La especie presenta rasgos anatómicos inéditos dentro de su familia biológica.
Foto(s): Cortesía
Redacción

Por Wired (español)

Un grupo de investigadores identificó una nueva especie de pulpo en las profundidades marinas de las Islas Galápagos, frente a las costas de Ecuador. El peculiar ejemplar, denominado Microeledone galapagensis, posee una tonalidad azulada, mide aproximadamente lo mismo que una pelota de golf y desafía parte de lo que se conocía sobre la familia biológica a la que pertenece.

El pequeño pulpo azul fue observado por primera vez a más de 1,770 metros de profundidad durante una expedición submarina realizada en 2015 a bordo del buque de investigación EV Nautilus, en colaboración con la Fundación Charles Darwin (CDF) y la Dirección del Parque Nacional Galápagos, cerca de la Isla Darwin, ubicada en el extremo norte del archipiélago.

Los pulpos gigantes antiguos eran depredadores con capacidades cognitivas avanzadas que dominaban los mares en el período Cretácico.

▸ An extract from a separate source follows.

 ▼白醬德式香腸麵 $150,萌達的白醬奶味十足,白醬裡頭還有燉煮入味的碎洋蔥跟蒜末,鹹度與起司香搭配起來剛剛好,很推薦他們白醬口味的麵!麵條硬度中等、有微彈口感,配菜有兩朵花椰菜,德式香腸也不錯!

En exploraciones posteriores, mediante las cámaras del Hercules, un vehículo operado remotamente (ROV), los científicos registraron tres individuos adicionales a varios kilómetros del hallazgo original y a profundidades aún mayores. Este descubrimiento sugiere que la especie podría distribuirse en diferentes ecosistemas submarinos del océano Pacífico tropical.

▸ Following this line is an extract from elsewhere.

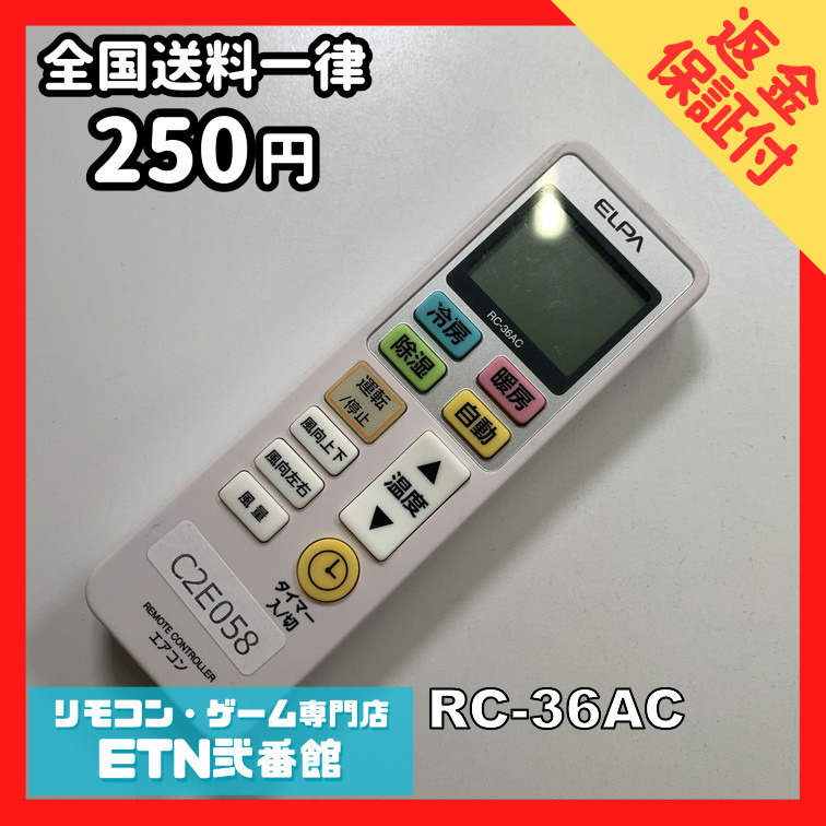 C2E058 【送料250円】エアコン リモコン / ELPA エルパ 汎用 RC-36AC 冷房 暖房 動作確認済み★即発送★

El primer ejemplar fue recolectado con ayuda del ROV sobre un monte submarino arenoso con afloramientos de basalto. Posteriormente, el espécimen fue enviado a la Estación Científica Charles Darwin, donde los investigadores determinaron que se trataba de una especie desconocida para la ciencia.

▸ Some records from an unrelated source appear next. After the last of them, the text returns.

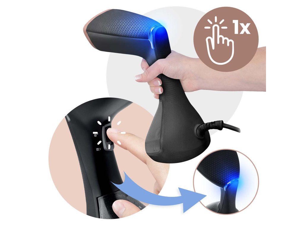 - Un singur buton — este suficient un singur buton pentru a porni dispozitivul și a începe jetul de abur.
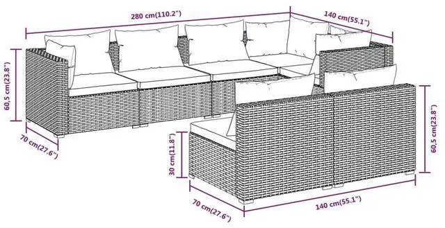 Delivery Contains: 3 Corner sofas, 4 Middle sofas, 7 Seat cushions, 10 Back pillows
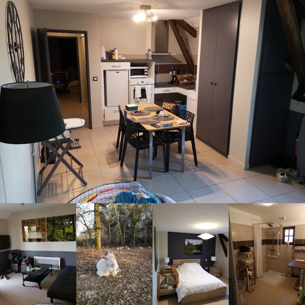 Un gîte à la ferme avec comme voisin des brebis et des chèvres ! Totalement dépaysant dans un bel endroit boisé avec les chèvres et moutons juste à côté de nous, le fermier qui habite juste derrière !
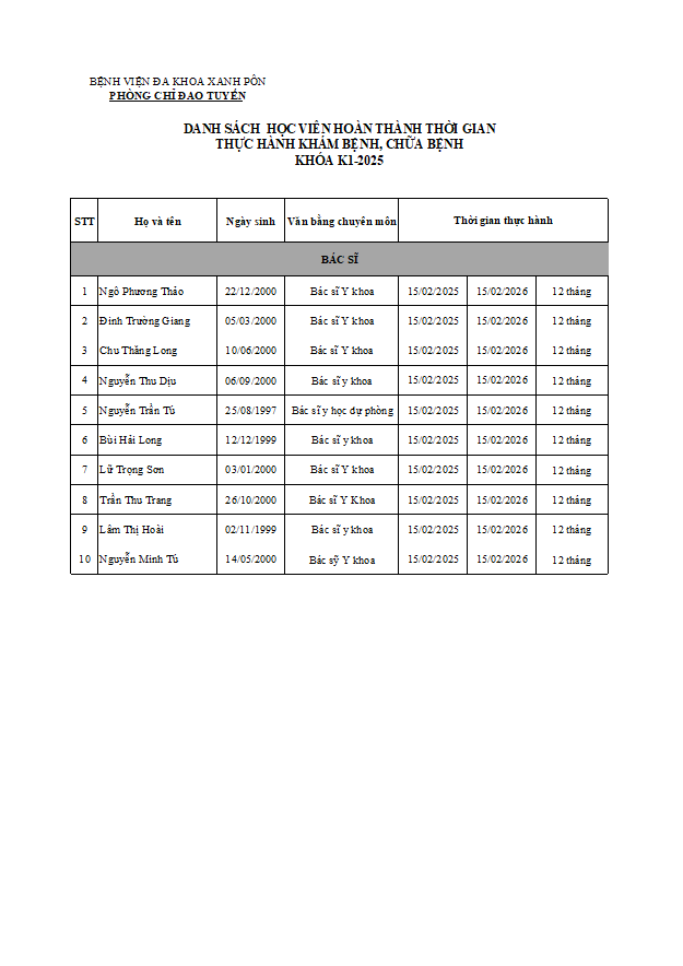 Bệnh viện Đa khoa Xanh Pôn thông báo danh sách người đã hoàn thành thời gian thực hành khám bệnh, chữa bệnh kể từ khi được duyệt công bố và tổ chức thực hành của khóa K3-2025 hoàn thành trong Quí I năm 2026.

Un análisis encabezado por Janet Voight, curadora asociada de zoología de invertebrados en el Field Museum de Chicago, reveló que el pulpo pertenece a la familia Megaleledonidae. Sin embargo, los especialistas concluyeron que no encajaba en ninguno de los géneros previamente descritos dentro de este grupo, aunque comparte características con otros pulpos bentónicos, es decir, aquellos que habitan en el fondo marino.

Microeledone galapagensis carece de aletas, de un buche para almacenar alimento y de bolsa de tinta. Estas características son similares a las observadas en los pulpos del género Thaumeledone. A pesar de ello, la nueva especie presenta una piel lisa y casi incolora en el dorso, un gran diente central en la rádula (estructura empleada para alimentarse) y un órgano de propulsión de gran tamaño. Estos rasgos lo relacionan directamente con el género Microeledone.

No obstante, los investigadores identificaron diferencias notables respecto a otras especies del grupo. El nuevo pulpo posee un patrón de coloración invertido: la parte dorsal del cuerpo es casi en su totalidad blanca, mientras que la zona ventral exhibe tonos púrpura y marrón muy intensos. Además, la musculatura interna del lomo presenta una fuerte pigmentación, algo distinto a lo observado en Microeledone mangoldi, considerada posiblemente su pariente más cercano. Voight aseguró que “enseguida supe que era algo realmente especial. Nunca había visto nada igual”.

En términos anatómicos, el espécimen analizado correspondía a una hembra adulta con poco más de 31 milímetros de longitud de manto. El animal tenía un cuerpo compacto y robusto, cabeza ancha y brazos cortos, cada uno con entre 29 y 33 ventosas acomodadas en una sola fila.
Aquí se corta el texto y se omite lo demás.